BMIT SD-WAN Report: SD-WAN will soon be in over half of all VPN sites
Local ICT analyst firm BMIT’s latest South African SD-WAN Market Report sets out to define and then quantify the significant growth trend in software-defined wide area networking (SD-WAN) adoption.
Based on the broadest definition used in the report, BMIT forecasts that SD-WAN will penetrate 51% of all South African VPN-enabled business sites by 2027, well up from 24% in 2022.
According to BMIT’s Managing Director, Christopher Geerdts, BMIT’s site penetration growth forecast for Managed SD-WAN services is close to that of the international market, indicating that the South African market is at a similar maturity level. He contrasts SD-WAN against ‘Do-It-Yourself (D-I-Y)” implementations, where the customer organisation has the skills and resources to not require a fully managed service, choosing instead to self-deploy SD-WAN appliances at its sites, along with broadband connectivity.

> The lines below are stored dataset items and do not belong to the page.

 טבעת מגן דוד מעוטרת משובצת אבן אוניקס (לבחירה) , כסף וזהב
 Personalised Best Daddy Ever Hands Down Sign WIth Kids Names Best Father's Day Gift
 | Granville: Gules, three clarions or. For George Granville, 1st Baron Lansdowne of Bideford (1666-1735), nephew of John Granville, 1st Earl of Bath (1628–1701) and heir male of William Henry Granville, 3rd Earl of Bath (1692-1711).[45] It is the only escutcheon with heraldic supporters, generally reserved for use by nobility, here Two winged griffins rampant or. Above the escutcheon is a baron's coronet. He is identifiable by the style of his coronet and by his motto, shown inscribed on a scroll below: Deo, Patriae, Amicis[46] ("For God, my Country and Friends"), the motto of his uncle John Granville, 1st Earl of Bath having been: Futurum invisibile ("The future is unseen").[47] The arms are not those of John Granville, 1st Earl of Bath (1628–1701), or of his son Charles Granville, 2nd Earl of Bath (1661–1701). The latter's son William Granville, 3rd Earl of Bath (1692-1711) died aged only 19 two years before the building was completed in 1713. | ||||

Most of the largest companies in South Africa are likely to procure a fully managed service, and many have endorsed affordable, locally-developed implementations offered by innovative SA-based vendors. For example, both Metacom and BCX offer their own devices, tailored for local conditions, within their overall solution sets.

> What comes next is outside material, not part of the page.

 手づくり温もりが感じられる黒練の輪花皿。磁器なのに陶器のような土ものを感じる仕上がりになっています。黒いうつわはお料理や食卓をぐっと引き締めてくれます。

This is especially the case in the Retail Sector, where SD-WANs are already highly penetrated, and lower-cost solutions of this nature are often favoured. These are included in BMIT’s ‘broad definition’ of Managed SD-WAN, along with solutions based on components from OEMs such as VMWare, Fortinet and Cisco, which have a significant share of the local market and other major global players.
Convergence of SD-WAN and security
Geerdts notes that SD-WAN and security are increasingly becoming integrated as organisations seek to improve their overall security posture whilst reducing complexity and containing costs. BMIT research shows the emergence of new SD-WAN solutions that include built-in security features, such as next-generation firewalls (NGFWs), intrusion prevention systems (IPSs), and web filtering.
IT Security is now an inline service which is becoming more seamlessly integrated into business processes, with just-in-time (access) assuming breaches will occur. Automated (and eventually autonomous) security is the goal, and Zero Trust Architecture (ZTA) is premised on the principle that trust itself is A vulnerability and the network is always hostile. This makes sense both in the SD-WAN environment, and in the wider networking context. In addition, secure access service edge (SASE) is gaining prominence, converging wide-area networking (WAN) and security by delivering both as a cloud service directly to the source of connection, providing edge-to-edge protection for remote users and data centres, and also easily scaled up & down so that is can be procured based on usage.
While the concept of virtualising servers in the IT world and cloudification (shifting them to public or private cloud computing environments) – is relatively mature, a number of more nascent trends have also been reported by local players, which are aligned with international market drivers, including the following:
- Edge computing is driven by the demand for low latency responses and the cost of moving high data volumes (for ‘big data’ applications). It is enabled by greater access to computing power at lower pricing, in smaller form factors and with lower power consumption. SD-WAN requires such devices, with appropriate functionality, at the network/enterprise edge.
- Automation is enhanced by machine learning/artificial intelligence, with ‘smart’ functionality being used to manage the network – from supporting ‘zero touch’ setting up of end-ponts, to creating self-optimising networks which use real-time data from the network to make adjustments to optimise performance and detect and eliminate issues.
- Increasing use of open source software and a drive for vendors to adopt open standards to ensure their network elements are interoperable so that operators are not tied into a single vendor across elements. It should be noted, though, that SD-WAN solutions in use today are still almost all proprietary.
BMIT sees these trends as mutually reinforcing, as taken together, they allow greater flexibility & agility and vendor independence by operators at reduced costs. Both customer demand and industry innovation are ensuring strong ongoing growth in this market, concludes Geerdts.